-- Given records follows --

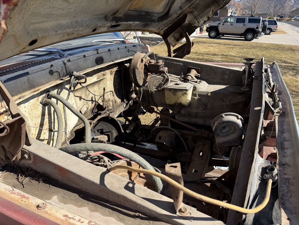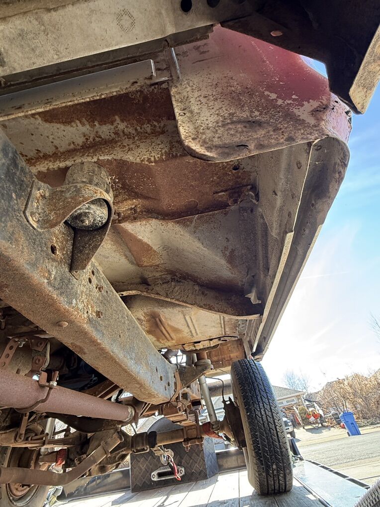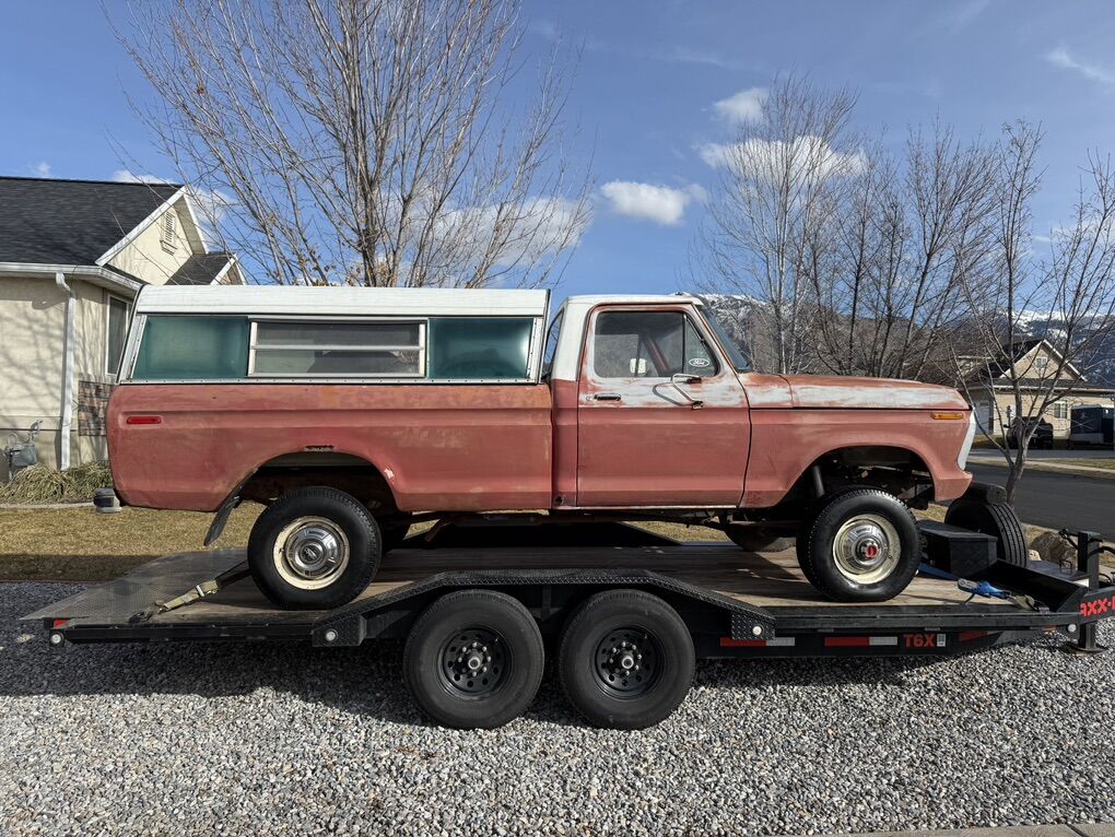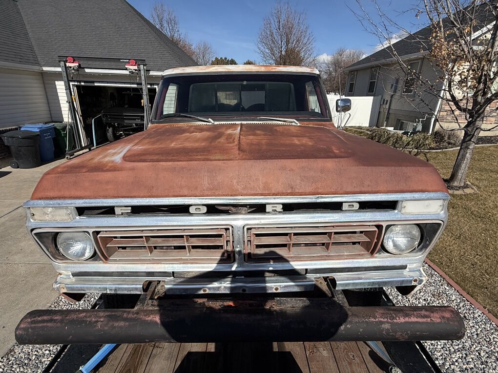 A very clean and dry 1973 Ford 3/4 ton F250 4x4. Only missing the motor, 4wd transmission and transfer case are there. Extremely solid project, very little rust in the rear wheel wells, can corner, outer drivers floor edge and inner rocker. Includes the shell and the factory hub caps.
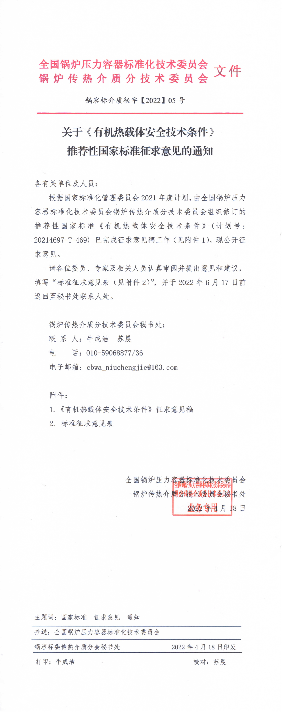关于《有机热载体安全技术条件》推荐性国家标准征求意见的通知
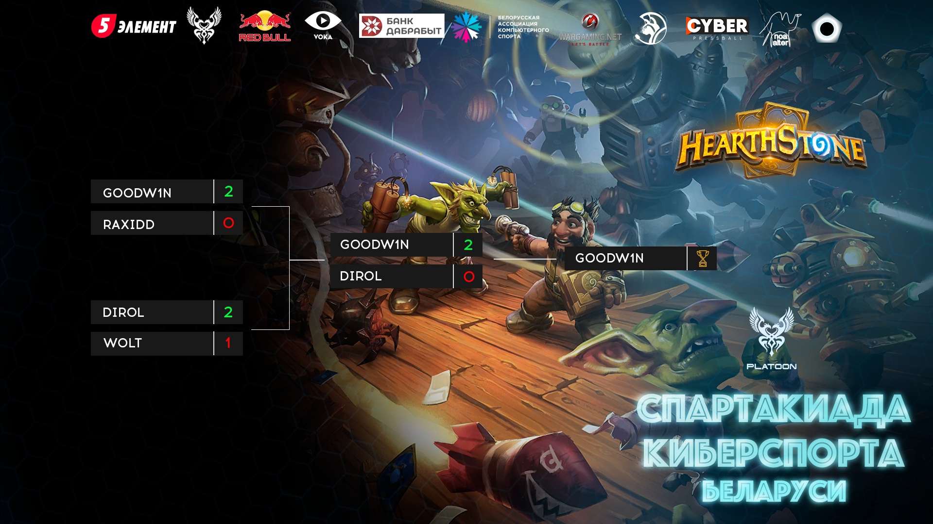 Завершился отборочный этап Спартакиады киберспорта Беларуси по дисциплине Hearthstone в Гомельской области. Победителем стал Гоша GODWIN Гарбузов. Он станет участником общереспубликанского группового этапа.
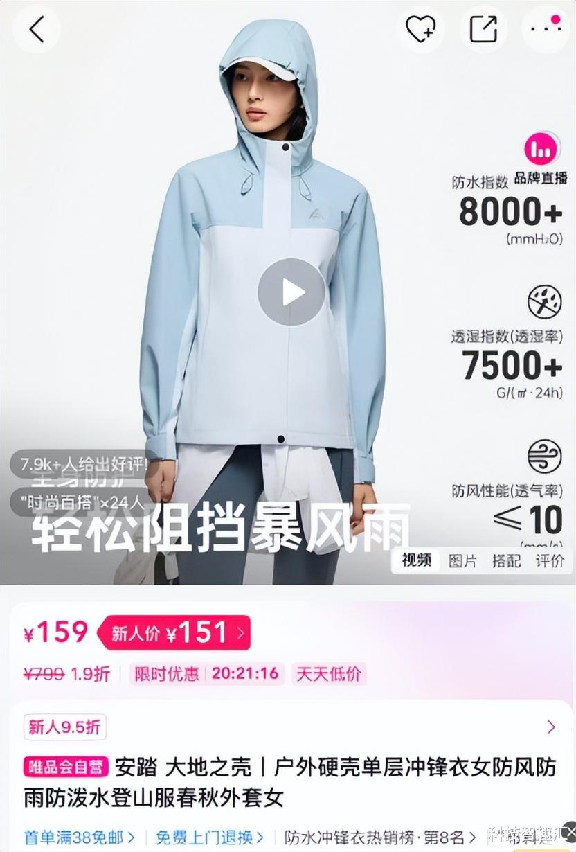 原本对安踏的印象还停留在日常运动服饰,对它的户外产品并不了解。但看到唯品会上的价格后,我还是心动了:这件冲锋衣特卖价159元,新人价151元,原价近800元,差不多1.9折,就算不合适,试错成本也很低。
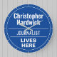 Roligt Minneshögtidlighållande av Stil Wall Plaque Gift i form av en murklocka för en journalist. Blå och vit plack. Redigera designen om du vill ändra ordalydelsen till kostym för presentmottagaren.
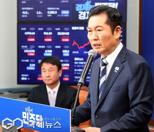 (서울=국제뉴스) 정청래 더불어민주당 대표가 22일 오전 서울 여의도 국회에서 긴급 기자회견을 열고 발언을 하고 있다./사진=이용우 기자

-- Given records concluded --

Retype all of the listing above exactly, but keep its pictures out.

**Response area**
 A very clean and dry 1973 Ford 3/4 ton F250 4x4. Only missing the motor, 4wd transmission and transfer case are there. Extremely solid project, very little rust in the rear wheel wells, can corner, outer drivers floor edge and inner rocker. Includes the shell and the factory hub caps.
关于《有机热载体安全技术条件》推荐性国家标准征求意见的通知
 Завершился отборочный этап Спартакиады киберспорта Беларуси по дисциплине Hearthstone в Гомельской области. Победителем стал Гоша GODWIN Гарбузов. Он станет участником общереспубликанского группового этапа.
 原本对安踏的印象还停留在日常运动服饰,对它的户外产品并不了解。但看到唯品会上的价格后,我还是心动了:这件冲锋衣特卖价159元,新人价151元,原价近800元,差不多1.9折,就算不合适,试错成本也很低。
 Roligt Minneshögtidlighållande av Stil Wall Plaque Gift i form av en murklocka för en journalist. Blå och vit plack. Redigera designen om du vill ändra ordalydelsen till kostym för presentmottagaren.
 (서울=국제뉴스) 정청래 더불어민주당 대표가 22일 오전 서울 여의도 국회에서 긴급 기자회견을 열고 발언을 하고 있다./사진=이용우 기자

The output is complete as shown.